Apple Watch users beware! Security bug detected in watchOS versions older than 8.7. The Indian government has identified multiple vulnerabilities in the Apple Watch operating system older than 8.7. These vulnerabilities could allow attackers to bypass security restrictions and run arbitrary code on the device. These vulnerabilities were rated high severity and can be exploited by attackers to take over a targeted Apple Watch.
The government has issued a security advisory for Apple Watch users to update their devices to the latest version of watchOS 8.7 to address the vulnerability.
India’s Computer Emergency Response Team (CERT-in) in a vulnerability note noted that the older versions of the device are vulnerable to multiple vulnerabilities. These could allow an attacker to bypass the security restrictions of the device. CERT-in has given it a severity rating of high.

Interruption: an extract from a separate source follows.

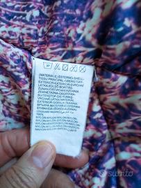 Giacca molto leggera e molto, molto calda; impermeabile e antivento. Non consumata nei gomiti e polsini; ha cappuccio non staccabile ma la pelliccia che lo circonda, sì. Addosso non è per niente stropicciata e veste taglia 44-46

The vulnerabilities were discovered due to a buffer overflow in the AppleAVD component, an issue in the AppleMobilityFile component, and out-of-bounds writing in the various components of the Apple Watch. In addition, CERT-in has noted that these issues could be caused by multiple factors, such as the lack of memory initialisation in the libxml2 component, and confusion in the Multi-touch component. According to CERT-in, a remote attacker could potentially take advantage of these issues by sending a specially crafted request to the device.
On its support page, Apple also acknowledged the same and noted that the vulnerability could allow a remote user to cause a crash and execute the kernel code. It further said that an attacker could potentially bypass the security restrictions on an Apple Watch running older than 8.7. To address this issue, the government has urged users to update their devices to the latest watchOS 8.7. Apple has also released a security update for the device.